Finding the cause of RuntimeError: Expected to mark a variable ready only once

Hurizma1003 · March 10, 2024, 12:40pm

i tried all solutions on setting static graph , unused parameters but no luck,
single gpu is running fine but getting error in multi-gpu training.

azj.n · April 17, 2024, 2:55pm

Hello, I am having the same problem with cagrad, how did you solve it?

azj.n · April 17, 2024, 3:25pm

does this work with MMDistributedDataParallel?

ptrblck · April 17, 2024, 4:23pm

I don’t know what MMDistributedDataParallel is and what the difference to DistributedDataParallel would be.

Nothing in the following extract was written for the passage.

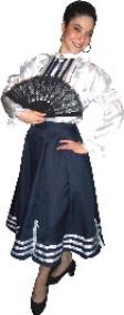 a heavy-weight fabric adorned with ribbons. The blouse is a

Michel-Liao · July 31, 2024, 6:30pm

Does DDP support multiple losses? It seems like calling loss1.backward(retain_graph=True then loss2.backward() wouldn’t work because of checkpointing. I’m getting the same Runtime Error.

tengerye · December 28, 2024, 7:04pm

I encounter the same issue using Accelerate library from huggingface. Could someone illustrates the root cause of this issue please?

Why would an unused parameter cause the problem only with DDP?

ptrblck · December 28, 2024, 9:16pm

DDP reduces the gradients of all ranks during the backward pass and is thus expecting to use valid .grad attributes of all properly registered parameters.